▸ **About this exercise**: How many lines below contain the string "good"? Reply with the figure and no further words.

▸ **Supplied records**:

....

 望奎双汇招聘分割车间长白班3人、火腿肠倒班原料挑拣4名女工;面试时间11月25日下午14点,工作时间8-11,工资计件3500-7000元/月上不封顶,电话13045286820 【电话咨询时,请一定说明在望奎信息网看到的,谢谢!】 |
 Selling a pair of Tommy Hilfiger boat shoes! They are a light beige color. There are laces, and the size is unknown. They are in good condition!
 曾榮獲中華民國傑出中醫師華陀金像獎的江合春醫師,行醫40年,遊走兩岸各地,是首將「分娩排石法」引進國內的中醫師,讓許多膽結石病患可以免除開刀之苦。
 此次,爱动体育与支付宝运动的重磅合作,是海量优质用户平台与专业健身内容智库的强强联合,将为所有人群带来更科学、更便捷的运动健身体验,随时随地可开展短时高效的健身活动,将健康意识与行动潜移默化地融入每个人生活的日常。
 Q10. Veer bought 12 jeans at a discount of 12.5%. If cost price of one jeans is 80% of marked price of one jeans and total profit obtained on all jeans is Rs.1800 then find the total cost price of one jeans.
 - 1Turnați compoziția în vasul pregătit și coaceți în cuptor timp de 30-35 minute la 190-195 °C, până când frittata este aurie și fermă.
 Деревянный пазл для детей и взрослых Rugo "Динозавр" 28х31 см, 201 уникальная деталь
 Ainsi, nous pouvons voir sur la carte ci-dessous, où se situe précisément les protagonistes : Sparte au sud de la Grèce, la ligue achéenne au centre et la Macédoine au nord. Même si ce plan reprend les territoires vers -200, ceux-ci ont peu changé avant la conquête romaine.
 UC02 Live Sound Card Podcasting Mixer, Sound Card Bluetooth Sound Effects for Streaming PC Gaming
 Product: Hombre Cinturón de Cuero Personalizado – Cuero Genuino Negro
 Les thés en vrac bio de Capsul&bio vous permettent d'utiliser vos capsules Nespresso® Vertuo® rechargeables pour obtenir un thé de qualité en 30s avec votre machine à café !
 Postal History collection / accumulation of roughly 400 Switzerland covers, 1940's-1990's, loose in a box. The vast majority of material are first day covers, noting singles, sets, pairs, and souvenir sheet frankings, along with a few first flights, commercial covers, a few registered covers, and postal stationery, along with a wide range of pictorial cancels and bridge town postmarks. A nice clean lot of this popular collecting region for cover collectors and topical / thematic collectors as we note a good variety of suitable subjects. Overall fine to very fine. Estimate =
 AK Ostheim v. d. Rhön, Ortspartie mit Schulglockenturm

....

▸ **Solution for this problem**: 2